SMITH: You know, business loves certainty. And business cannot really operate effectively in a climate where you don't know what's going to happen, you know, year to year, month to month and, what it appears now, week to week.
KAHN: Smith has invested millions of dollars in his operations in northern Mexico, providing thousands of jobs to Mexicans, who also say they're tired of all the threats and worrying about the stability of their jobs here at home.

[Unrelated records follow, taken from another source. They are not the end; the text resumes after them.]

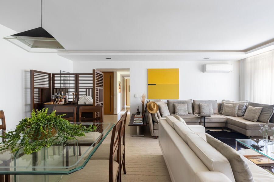 O escritório Victor Veiga Arquitetos assina o projeto desse apartamento de 135m² que buscou transformar um imóvel antigo em um espaço moderno, prático e confortável. O projeto levou em consideração a luz natural, a vista para a copa das árvores e a integração com a vida urbana de Brasília, criando um ambiente que conecta a natureza com o cotidiano da cidade.
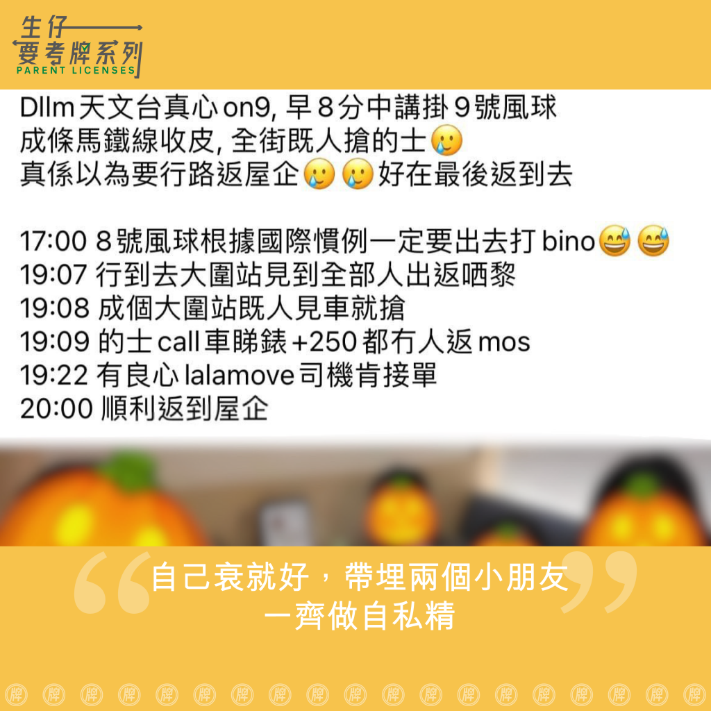 國際慣例 出門篇 2023 年 10 月 10 日 ParentLicenses 瀏覽次數: 2,360 #ParentLicenses2321 武漢肺炎又好,黑雨又好,八號波又好,同樣會帶小朋友週圍飲飲食食,好似唔出街食會死咁今日八號風球,繼續按佢哋屋企慣例一定要躝出街,重好意思怪人哋天文台。有好多人要返工冇辦法,放工遇上九號波冇車返屋企,重要同呢啲貪玩貪食嘅自私友搶call車 圖片來源@A 自己衰就好,帶埋兩個小朋友一齊做自私精讀者投稿@A
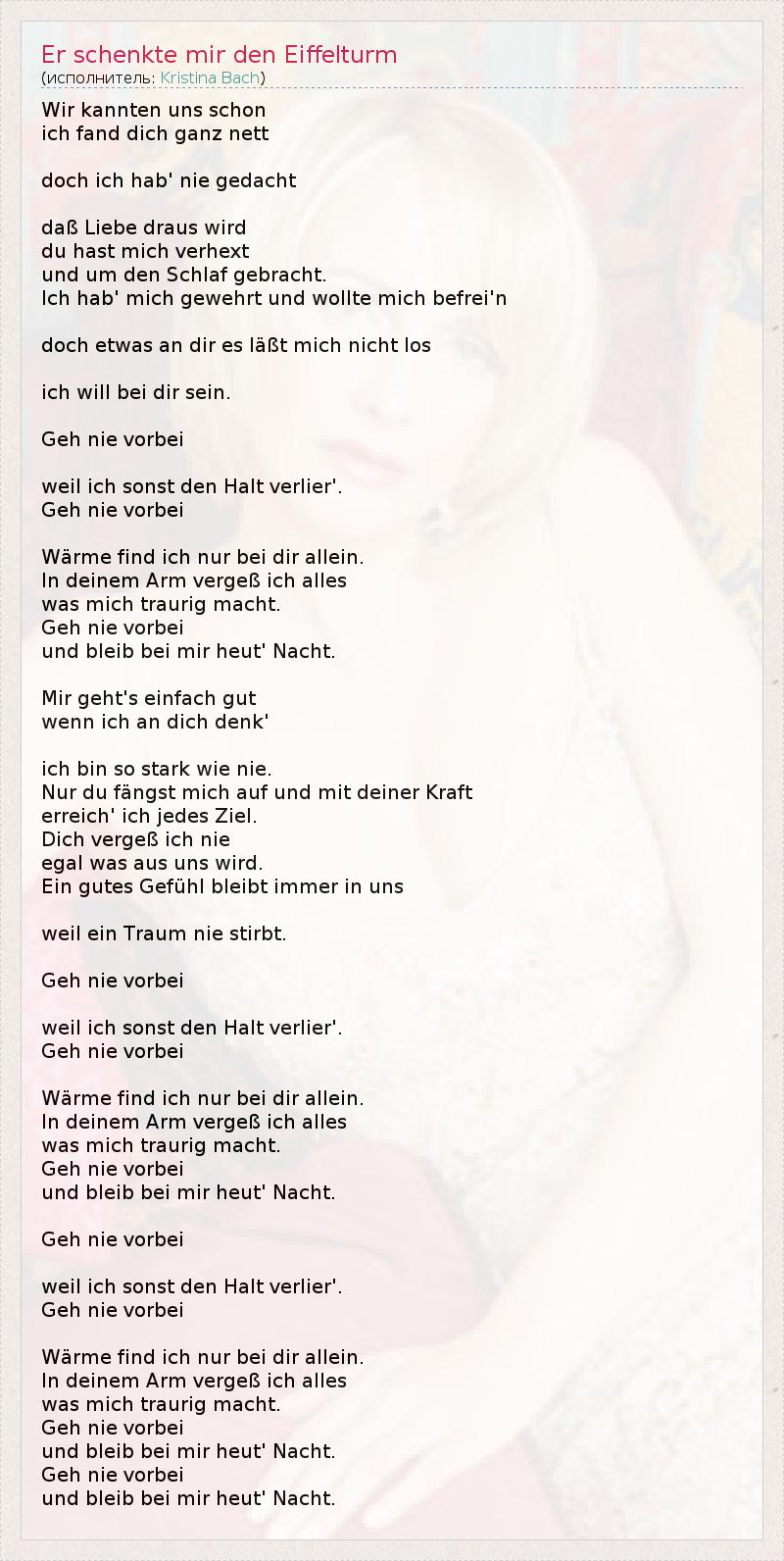 А как ты думаешь, о чем песня "Er schenkte mir den Eiffelturm" ?

Fifty-four-year-old Salvador Ramirez Corona uses a huge pair of scissors to trim the white, thick, hairy ends of a bunch of green onions he's just cleaned up and bound together with a rubber band. There's such a strong smell of onions in the hot, dry air, it stings your eyes. This type of labor-intensive harvesting is barely done in the U.S. anymore. The entire crop of green onions, all for export, would have received Trump's tariffs and sent prices spiking for U.S. consumers.
SALVADOR RAMIREZ CORONA: (Speaking Spanish).
KAHN: Ramirez says, "Trump shouldn't threaten Mexico. It's really wrong of him to do so," he says.
CORONA: (Speaking Spanish).
KAHN: He says, "it feels like Trump has all the power to do what he wants these days." Carrie Kahn, NPR News, Ciudad Morelos at the northern Mexican border.